Przewoźnicy zablokują kolejne przejście graniczne, tym razem w Koroszczynie. Protest rozpocznie się we wtorek w południe.
– Nie możemy dłużej tego tolerować. W 2022 roku w Polsce zarejestrowało się ponad 2 tys. firm transportowych z białoruskim i rosyjskim kapitałem, które odbierają nam chleb. Zaniżają stawki, tworzą nieuczciwą konkurencję. Praktycznie jeżdżą po całej Europie – tłumaczy Kamil Ambroziak spod Łukowa. To on współorganizuje wtorkowy protest przed terminalem w Koroszczynie na granicy polsko–białoruskiej. – Zjadą się przewoźnicy z całego regionu. Będziemy blokować przejście. Tylko co godzinę zamierzamy przepuszczać ciężarówki – zapowiada.

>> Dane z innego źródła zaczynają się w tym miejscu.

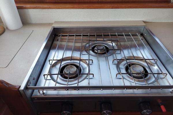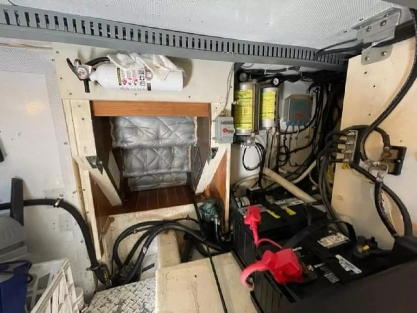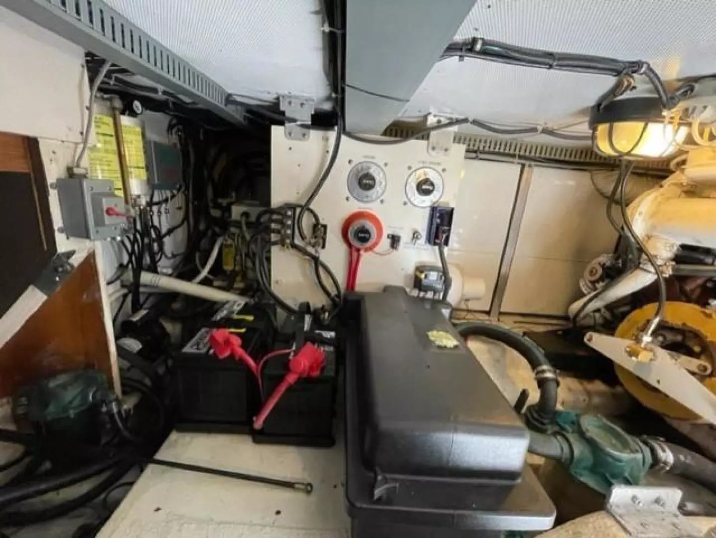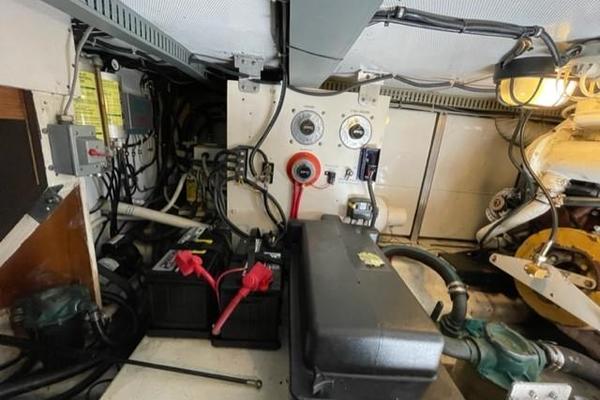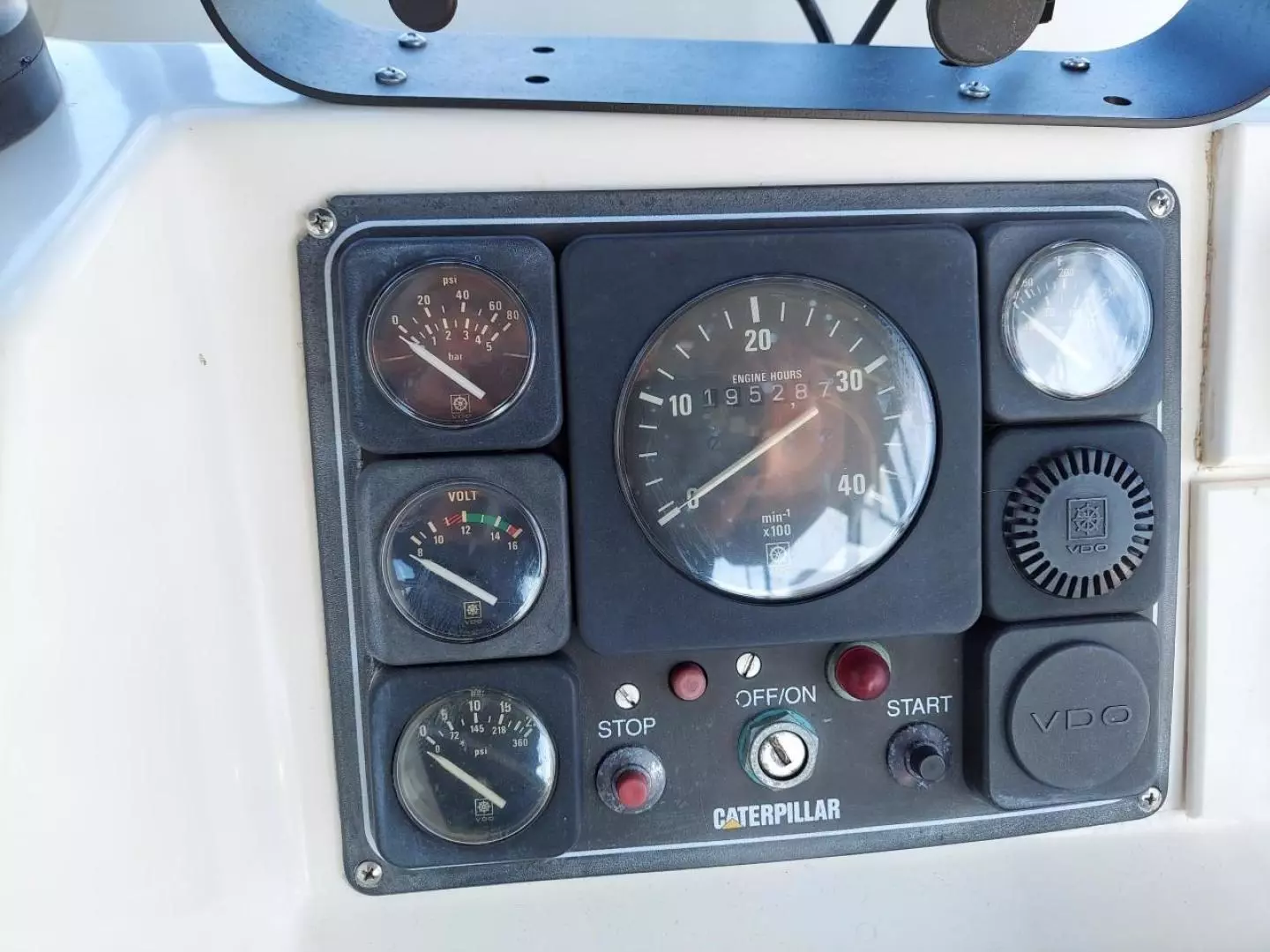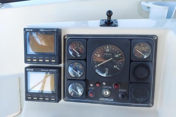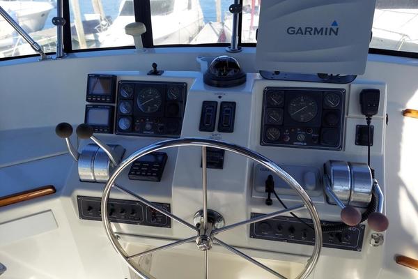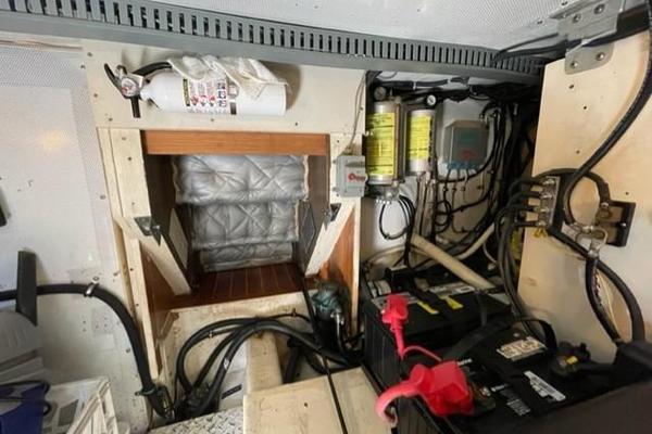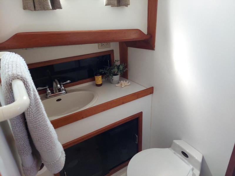 The Master stateroom is forward with a queen size island bed. Custom Shelving Port and Starboard. Aft to starboard is the master head with separate stall shower. Aft to port is the second stateroom with single beds sis by side. Aft again to starboard is the day head with sink, vanity and mirror. Up a couple of steps to the main salon with the lower helm to starboard and the spacious galley to port. Aft to port is a large U-shaped dinette area with a high low teak table. Beautiful brightwork throughout is in keeping with the classic Cape Dory style and quality. Up on the flybridge you have a center helm with 2 helm seats and an L-shaped settee behind.

Zdaniem Ambroziaka, w branży źle się dzieje już od wielu miesięcy.
– Rosjanie i Białorusini obchodzą prawo sankcyjne, zabierają nam ładunki. Nie mamy gdzie realizować transportów. A choćby powiat łukowski to przewozowe zagłębie. Tutaj są firmy rodzinne z 30–letnim stażem– podkreśla współorganizator protestu.
Ile potrwa blokada?
– Będziemy tam, aż do skutku. To znaczy do momentu, aż wdrożone zostaną odpowiednie regulacje prawne, które przywrócą stabilność rynku – podkreśla Ambroziak.
Od czwartku przewoźnicy blokują już dojazd do przejścia granicznego w Doruhusku. Domagają się m.in. przywrócenia zezwoleń dla ukraińskich kierowców.